“Hello, Renaissance.” She restrained a smile. The exchange of signals required slightly more than a minute.

“Dr. Harper wants to talk to you.” He gave way to a tall, dark woman who looked accustomed to giving people directions. Hutch recognized Mary Harper from the media reports. She owned a clipped voice and looked at Hutch the way Hutch might have glanced at a kid bringing the lunch in late. Harper had stood shoulder to shoulder with Dimenna during the long battle to prevent the closing of the station.

“Captain Hutchins? We’re glad you’re here. It’ll make everyone feel a bit more secure to know there’s a ship standing by. Just in case.”

“Glad to be of service,” Hutch said.

She softened a bit. “I understand you were headed home before this came up, and I just wanted you to know that we appreciate your coming out here on short notice. There’s probably no need, but we thought it best to be cautious.”

“Of course.”

Harper started to say something else but the transmission was blown away by the storm. Bill tried a few alternate channels and found one that worked. “When can we expect you?” she asked.
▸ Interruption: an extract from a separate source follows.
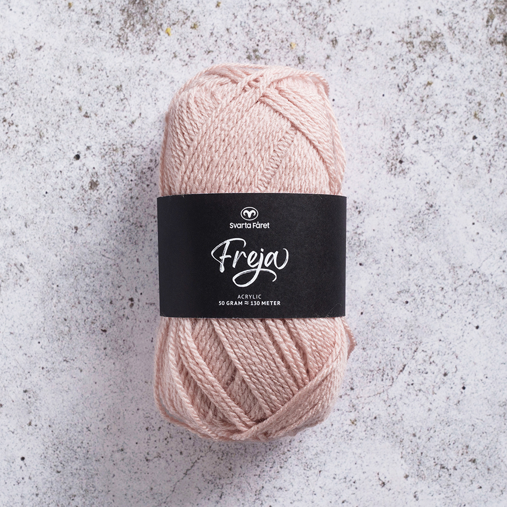 Vårt älskade Freja är ett mjukt och följsamt garn av 100% akryl. Garnet är lättstickat och passar lika bra till tröjor och koftor som sockor och vantar – både för vuxna och barn. Freja är upplagt på 50 grams nystan om 130 meter, och stickfastheten 20 maskor på stickor nr 4 ger 10 cm. Plagg som stickas med Freja tvättas i 40 graders maskintvätt. Med närmare 50 färger att välja bland är det bara kreativiteten som sätter gränser för vad du kan skapa med detta omtyckta garn.

“Tomorrow morning at about six looks good.”

Harper was worried, but she tried to hide it behind that cool smile while she waited for Hutch’s response to reach her. When it did she nodded, and Hutch got the distinct impression that back behind her eyes the woman was counting. “Good,” she said with bureaucratic cheerfulness. “We’ll see you then.”

We don’t get many visitors out this way, Hutch thought.

THE STATION MADE periodic reports to Serenity, recording temperature readings at various levels of the atmosphere, gravity fluctuations, contraction rate estimates, cloud density, and a myriad other details.

The Wildside had drifted into the hypercomm data stream between Renaissance and Serenity and was consequently able, for a few minutes, to pick up the transmissions. Hutch watched the numbers rippling across a half dozen screens, mixed with occasional analysis by the Renaissance AI. None of it was intelligible to her. Core temperatures and wind velocities were just weather reports. But there were occasional images of the protostar, embedded at the heart of the cloud.